There are several measures known to avoid DLL hell, which have to be used simultaneously for optimal results:

  • Ship the operating system with a capable package management system that would be able to track the DLL dependencies. Declare that the use of the package manager is a good thing, and performing manual installs is a bad idea.
  • Have a central authority for distributing the library. Changes to the library can be submitted to this authority; thus, it can make sure compatibility is preserved in the developed branches. If some older software is incompatible with the current library, the authority can provide a compatibility interface for it, or bundle the old version as a distinct package.
  • If software developers need to customize a library, and if the main library release is unlikely to incorporate the changes that they need, they can use static linking against their own version, or create a new package (with a different name) for the library.
  • Proper software design is paramount.

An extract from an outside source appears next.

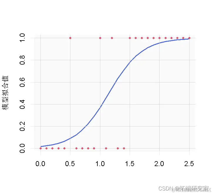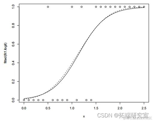 图 1:逻辑回归的小鼠数据和拟合值。

DLLs are best for modularizing the system's components and as third-party libraries; their usage is not imperative in all cases. For example, if an application needs a library that won't be used anywhere else, they can be linked statically, with no space penalty and with a speed gain.

DLL hell as a motive for .NET

Around 2001, Microsoft introduced the .NET framework to introduce their own version of a package deployment system, called assemblies (see external reference below). This framework also provided support for a common library runtime (essentially moving much .DLL code to a base foundation class). This concept, along with file versioning, is often seen as one of the last operating system constructs that had failed to bridge the gap between OpenVMS and Windows NT, which shared a common operating system architect, Dave Cutler.